**EXERCISE DETAILS**.
Only the lines from the one bearing "Foto 3 en 4." through the end of the entries should be output, exactly as they stand, and pictures should be skipped.

**PROVIDED RECORDS**.
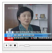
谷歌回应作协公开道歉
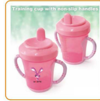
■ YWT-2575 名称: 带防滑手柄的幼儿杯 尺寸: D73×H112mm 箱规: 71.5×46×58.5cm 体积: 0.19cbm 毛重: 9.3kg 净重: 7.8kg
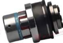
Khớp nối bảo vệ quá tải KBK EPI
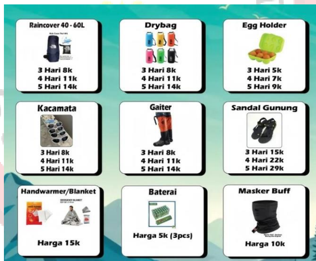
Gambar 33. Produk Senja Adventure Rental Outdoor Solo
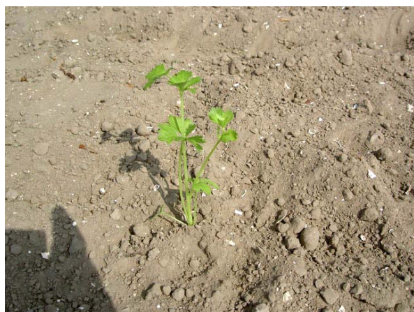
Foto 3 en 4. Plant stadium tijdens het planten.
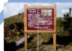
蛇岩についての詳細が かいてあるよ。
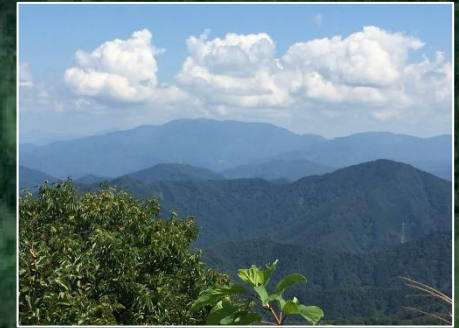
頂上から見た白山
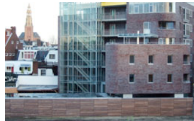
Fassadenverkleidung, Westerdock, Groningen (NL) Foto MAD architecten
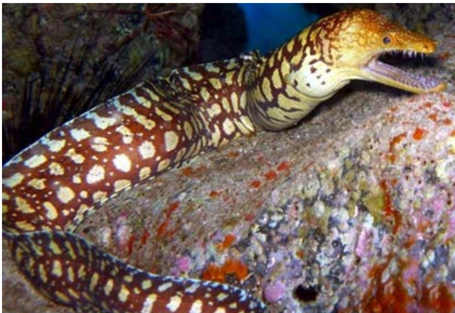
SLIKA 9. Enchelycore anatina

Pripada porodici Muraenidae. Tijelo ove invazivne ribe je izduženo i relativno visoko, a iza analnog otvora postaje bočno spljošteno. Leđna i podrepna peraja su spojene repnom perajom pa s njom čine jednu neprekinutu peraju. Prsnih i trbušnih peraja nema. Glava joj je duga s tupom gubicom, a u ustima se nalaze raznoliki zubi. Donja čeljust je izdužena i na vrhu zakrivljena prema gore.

**RESPONSE**.
Foto 3 en 4. Plant stadium tijdens het planten.
蛇岩についての詳細が かいてあるよ。
頂上から見た白山
Fassadenverkleidung, Westerdock, Groningen (NL) Foto MAD architecten
SLIKA 9. Enchelycore anatina

Pripada porodici Muraenidae. Tijelo ove invazivne ribe je izduženo i relativno visoko, a iza analnog otvora postaje bočno spljošteno. Leđna i podrepna peraja su spojene repnom perajom pa s njom čine jednu neprekinutu peraju. Prsnih i trbušnih peraja nema. Glava joj je duga s tupom gubicom, a u ustima se nalaze raznoliki zubi. Donja čeljust je izdužena i na vrhu zakrivljena prema gore.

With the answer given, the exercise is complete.